Despite the known problems, Consumers Energy is forcing Smart Meters on the public.
Consumers Energy tells several lies in this cheerleading article:
Itron Smart Meters do not broadcast once a day. They broadcast 1250 – 26,000 times per day according to California Public Utilities Commission documents which the commission compelled the utility companies to disclose.
The United States National Toxicology Program links this radiation with cancer. The World Health Organization declared it a possible carcinogen back in 2011.
Power outage information is not getting to the company from the meters. Customers still have to phone in an outage.
Pre-paid programs are a terrible idea. They jeopardize the health and safety of low income residents, particularly during the winter or the summer. At least one man froze to death due to a pre-paid scheme. Even though he had the money, he didn’t pay the bill when his prepaid amount ran out because he had dementia.

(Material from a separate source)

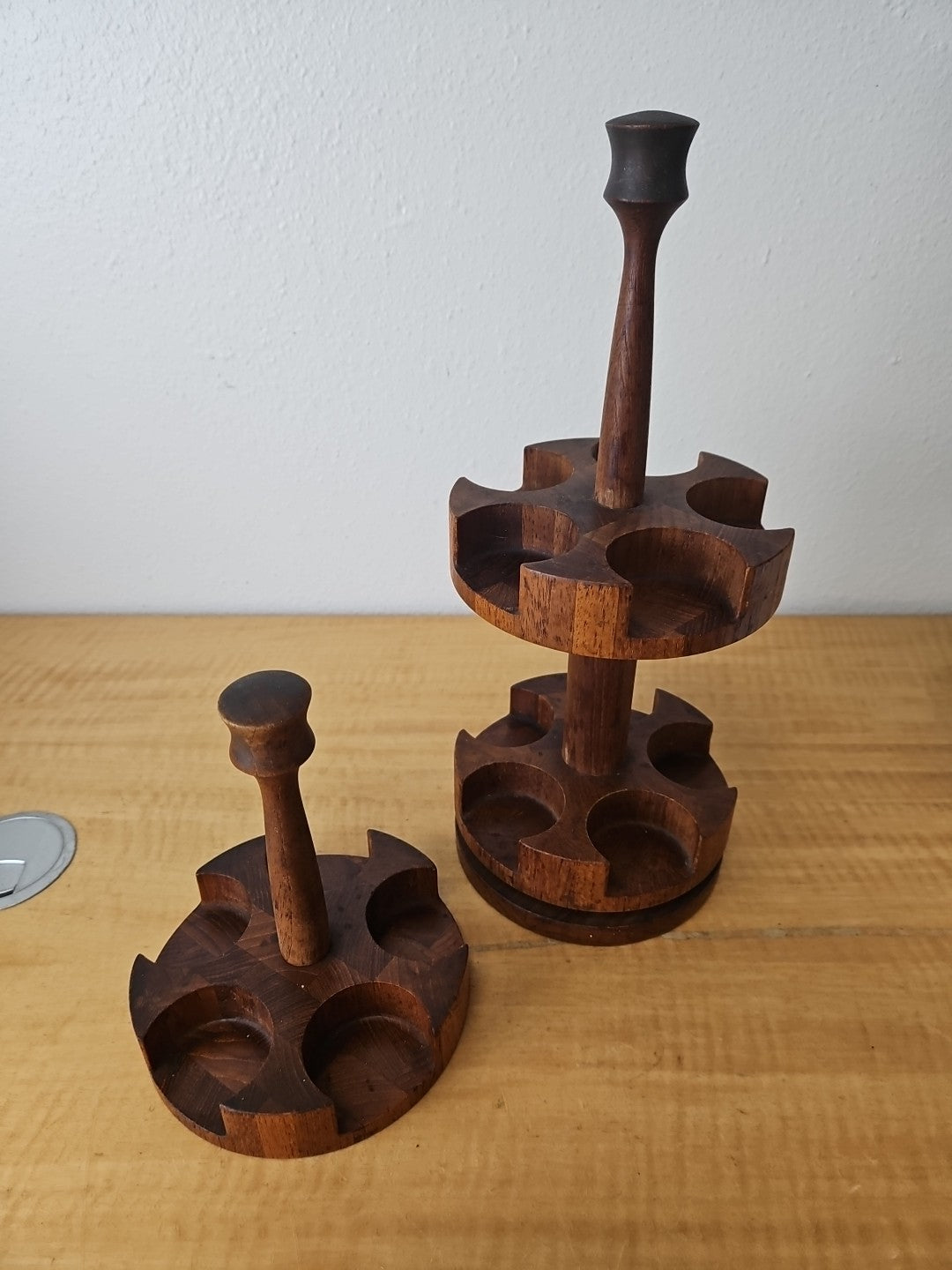 Digsmed Danish Modern Teak Wood SET 2-tier Revolving Spice Rack + 1 Tier Rack

And the fire risk from these meters is frightening. Itron is known for its thin blades which cause arcing and “dirty” electricity. The company has never taken responsibility for that.
All of this hype by Consumers Energy is false advertising and fraud . There are no benefits except for the utility companies. These meters and their program will cost consumers over and over again. There will never be any savings. The rising costs will take everything. Add the health impacts and fire danger, and this is assault and more.
By Taylor DesOrmeau | tdesorme at mlive.com]
July 29, 2016
JACKSON, MI – There are smart phones, smart watches, smart cars, smart TVs and smart boards.
Now, all Consumer’s Energy customers will have smart meters.
The meters are being installed in Parma and Concord in late August and throughout the rest of Jackson County starting in December.
Smart meters have a communication chip inside that sends a message every night to the company with the amount of energy used for the day. With the new gas and electric meters, customers can view online their hourly energy use.
The digital meter also tells Consumers Energy whenever there’s a power outage.
“It offers our customers the opportunity to go online and look at their hourly energy use,” said Kathryn Burkholder, outreach coordinator for smart energy at Consumer’s Energy. “It gives us an opportunity to offer programs for our customers like a pre-paid program where they can pay as they go.
There are lots of interesting programs available with the new meter technology.”
The new technology will also eliminate estimated bills for customers.
The power goes out for five to 10 minutes during the installation process, however residents are alerted via a postcard, letter and phone call ahead of time and a knock on the door before the installation.
The program costs $750 million, but will save $1.8 billion, Burkholder said.
About 0.5 percent of customers opt out of the service, which costs $69.39 up front and $9.72 a month.
“Some people believe that there are health issues associated with them,” Burkholder said. “They’ll go online and read about the meters causing cancer, which is absolutely untrue. Our meters emit about as much radio frequency as a baby monitor.”